- _Prompt_
Lines from the one with "سلسلة ابدأ واقرأ: 28" up to and including the one with "Light streams through" are to be copied exactly from the records below, without their pictures.

- _Task data_
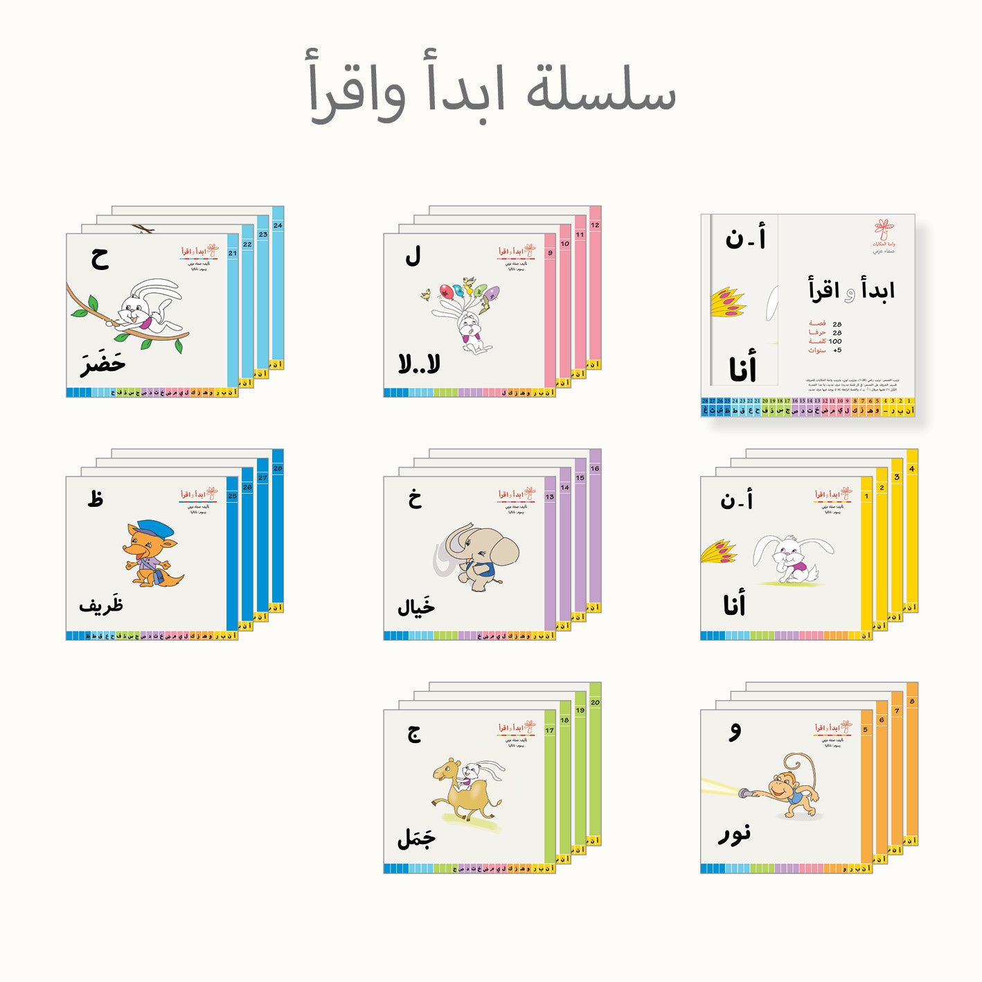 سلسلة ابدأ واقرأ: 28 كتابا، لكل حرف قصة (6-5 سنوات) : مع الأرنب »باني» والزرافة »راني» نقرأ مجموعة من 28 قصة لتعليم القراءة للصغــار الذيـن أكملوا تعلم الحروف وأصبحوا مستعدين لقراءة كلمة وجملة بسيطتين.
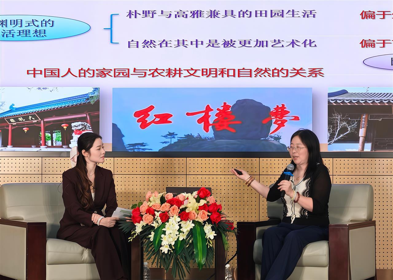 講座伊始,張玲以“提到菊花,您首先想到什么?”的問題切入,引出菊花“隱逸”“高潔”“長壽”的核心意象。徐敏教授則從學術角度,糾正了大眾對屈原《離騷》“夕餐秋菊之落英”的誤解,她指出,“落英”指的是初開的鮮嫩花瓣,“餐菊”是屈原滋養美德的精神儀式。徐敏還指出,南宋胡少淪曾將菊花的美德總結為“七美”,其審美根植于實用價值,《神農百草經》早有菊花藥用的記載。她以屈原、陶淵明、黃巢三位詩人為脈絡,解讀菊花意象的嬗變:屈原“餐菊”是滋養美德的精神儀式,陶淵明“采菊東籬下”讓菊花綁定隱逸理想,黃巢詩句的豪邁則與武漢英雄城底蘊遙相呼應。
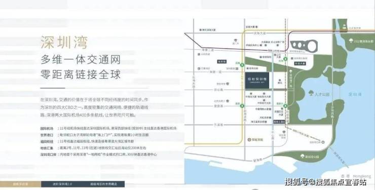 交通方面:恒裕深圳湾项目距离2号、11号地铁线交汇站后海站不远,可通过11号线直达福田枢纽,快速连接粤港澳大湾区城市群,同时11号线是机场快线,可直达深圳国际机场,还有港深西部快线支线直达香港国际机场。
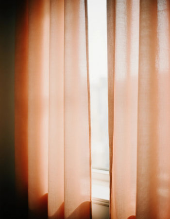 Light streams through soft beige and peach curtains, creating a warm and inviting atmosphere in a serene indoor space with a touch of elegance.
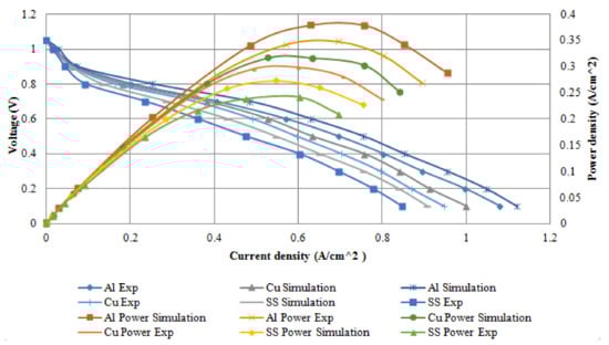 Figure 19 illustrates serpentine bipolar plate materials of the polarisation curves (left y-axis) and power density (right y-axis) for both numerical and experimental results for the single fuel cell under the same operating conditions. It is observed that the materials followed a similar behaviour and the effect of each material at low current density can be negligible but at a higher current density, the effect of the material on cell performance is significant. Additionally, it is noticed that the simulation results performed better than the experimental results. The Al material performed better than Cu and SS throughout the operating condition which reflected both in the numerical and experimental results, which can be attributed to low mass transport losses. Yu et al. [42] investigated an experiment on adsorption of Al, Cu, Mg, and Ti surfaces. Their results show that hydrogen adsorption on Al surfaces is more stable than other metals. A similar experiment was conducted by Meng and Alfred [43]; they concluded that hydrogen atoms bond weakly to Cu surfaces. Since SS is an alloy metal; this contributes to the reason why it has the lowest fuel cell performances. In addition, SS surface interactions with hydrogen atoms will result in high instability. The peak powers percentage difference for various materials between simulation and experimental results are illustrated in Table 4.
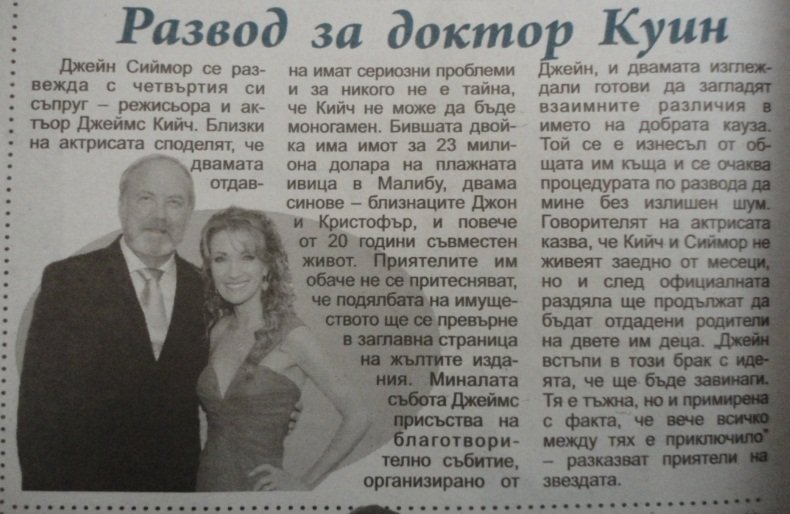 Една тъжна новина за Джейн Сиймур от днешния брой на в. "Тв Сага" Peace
* * *
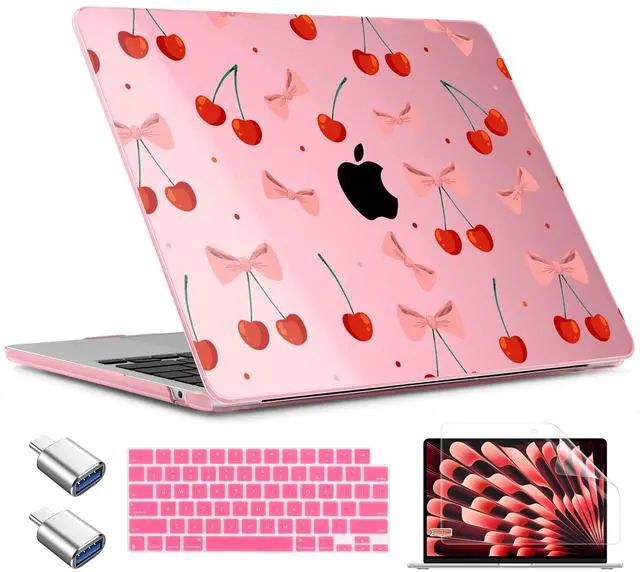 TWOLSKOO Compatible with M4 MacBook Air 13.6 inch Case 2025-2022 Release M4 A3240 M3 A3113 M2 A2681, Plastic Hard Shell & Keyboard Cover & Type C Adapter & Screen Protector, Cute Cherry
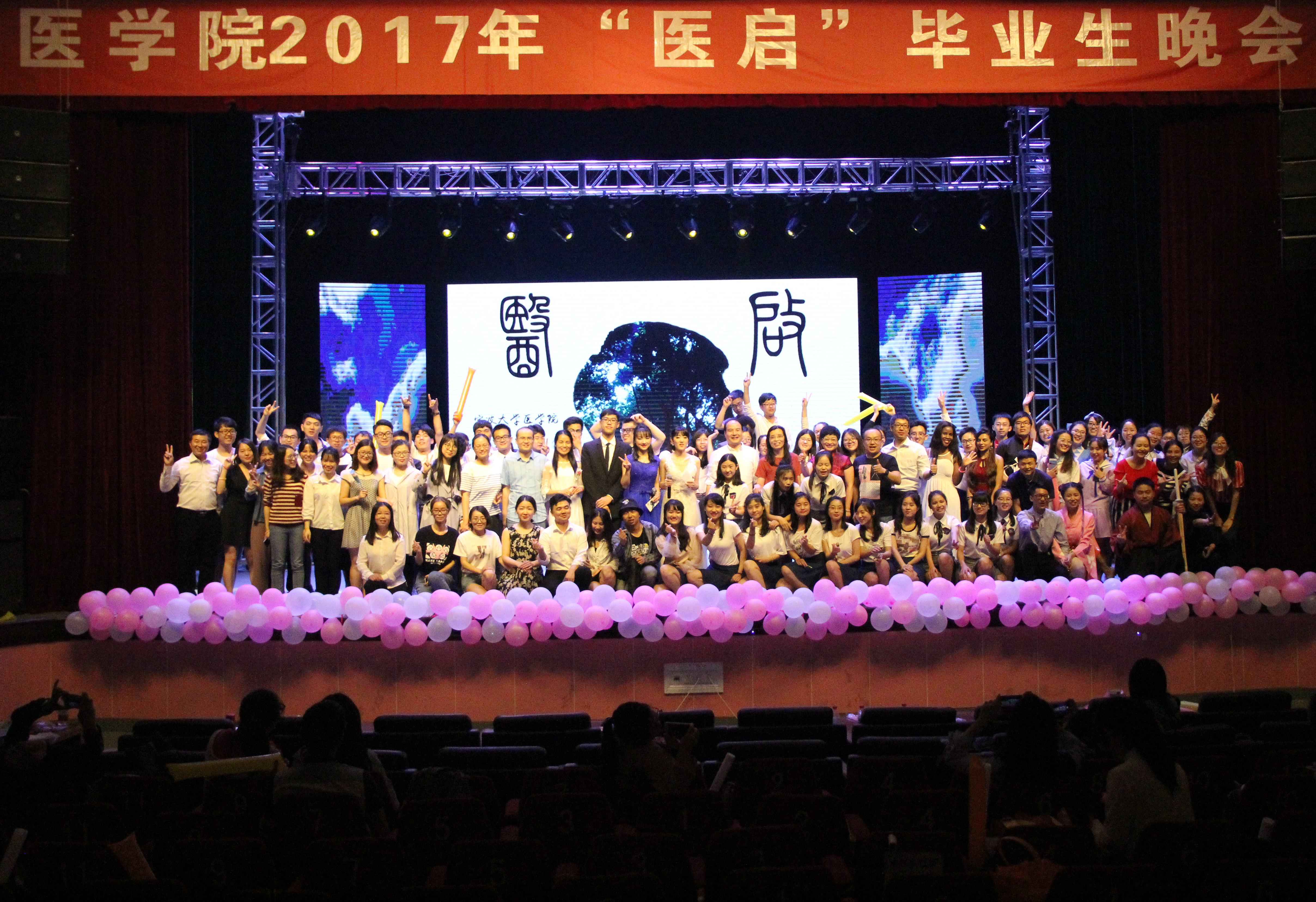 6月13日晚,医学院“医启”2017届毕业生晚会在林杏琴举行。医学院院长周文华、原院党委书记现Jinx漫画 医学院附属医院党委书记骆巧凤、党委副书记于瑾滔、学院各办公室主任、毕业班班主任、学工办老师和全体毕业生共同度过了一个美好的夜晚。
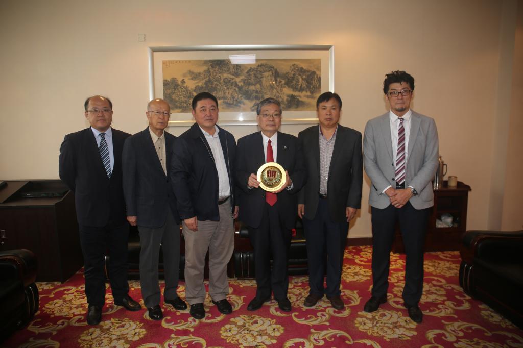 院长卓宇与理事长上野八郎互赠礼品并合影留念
---
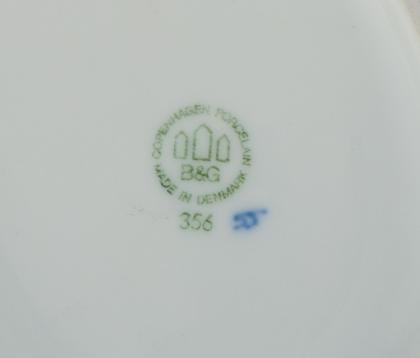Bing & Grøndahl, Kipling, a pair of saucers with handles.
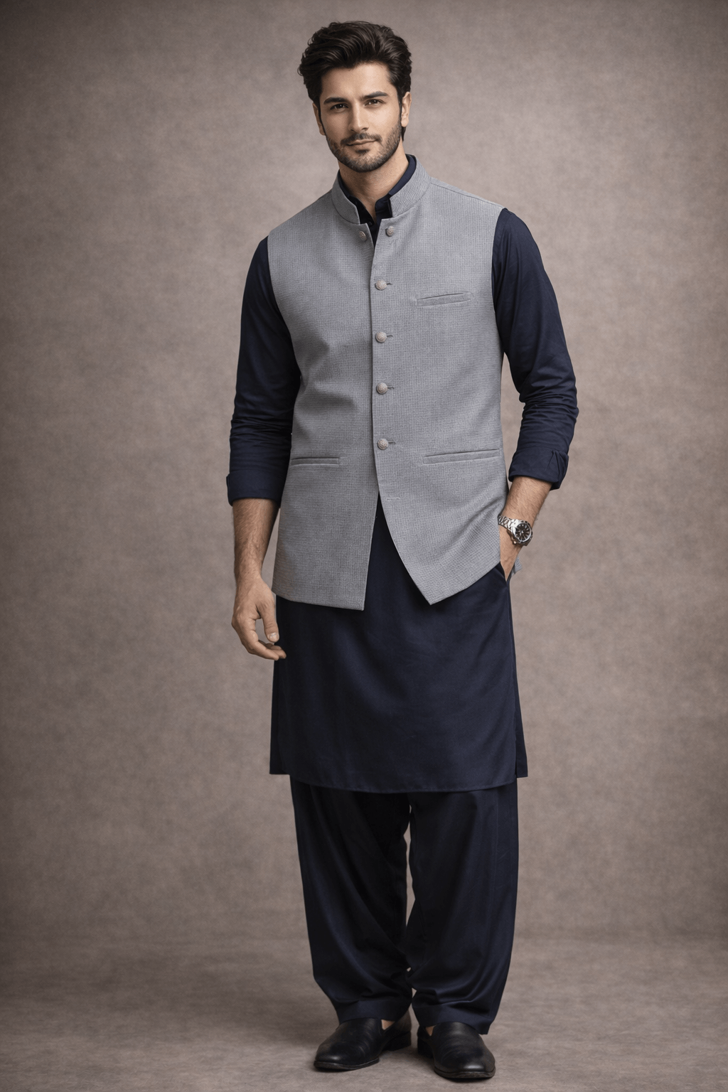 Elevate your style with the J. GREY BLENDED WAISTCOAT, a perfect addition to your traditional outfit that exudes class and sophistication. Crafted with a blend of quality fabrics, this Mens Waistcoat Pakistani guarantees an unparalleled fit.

- _Solution to the problem_
 سلسلة ابدأ واقرأ: 28 كتابا، لكل حرف قصة (6-5 سنوات) : مع الأرنب »باني» والزرافة »راني» نقرأ مجموعة من 28 قصة لتعليم القراءة للصغــار الذيـن أكملوا تعلم الحروف وأصبحوا مستعدين لقراءة كلمة وجملة بسيطتين.
 講座伊始,張玲以“提到菊花,您首先想到什么?”的問題切入,引出菊花“隱逸”“高潔”“長壽”的核心意象。徐敏教授則從學術角度,糾正了大眾對屈原《離騷》“夕餐秋菊之落英”的誤解,她指出,“落英”指的是初開的鮮嫩花瓣,“餐菊”是屈原滋養美德的精神儀式。徐敏還指出,南宋胡少淪曾將菊花的美德總結為“七美”,其審美根植于實用價值,《神農百草經》早有菊花藥用的記載。她以屈原、陶淵明、黃巢三位詩人為脈絡,解讀菊花意象的嬗變:屈原“餐菊”是滋養美德的精神儀式,陶淵明“采菊東籬下”讓菊花綁定隱逸理想,黃巢詩句的豪邁則與武漢英雄城底蘊遙相呼應。
 交通方面:恒裕深圳湾项目距离2号、11号地铁线交汇站后海站不远,可通过11号线直达福田枢纽,快速连接粤港澳大湾区城市群,同时11号线是机场快线,可直达深圳国际机场,还有港深西部快线支线直达香港国际机场。
 Light streams through soft beige and peach curtains, creating a warm and inviting atmosphere in a serene indoor space with a touch of elegance.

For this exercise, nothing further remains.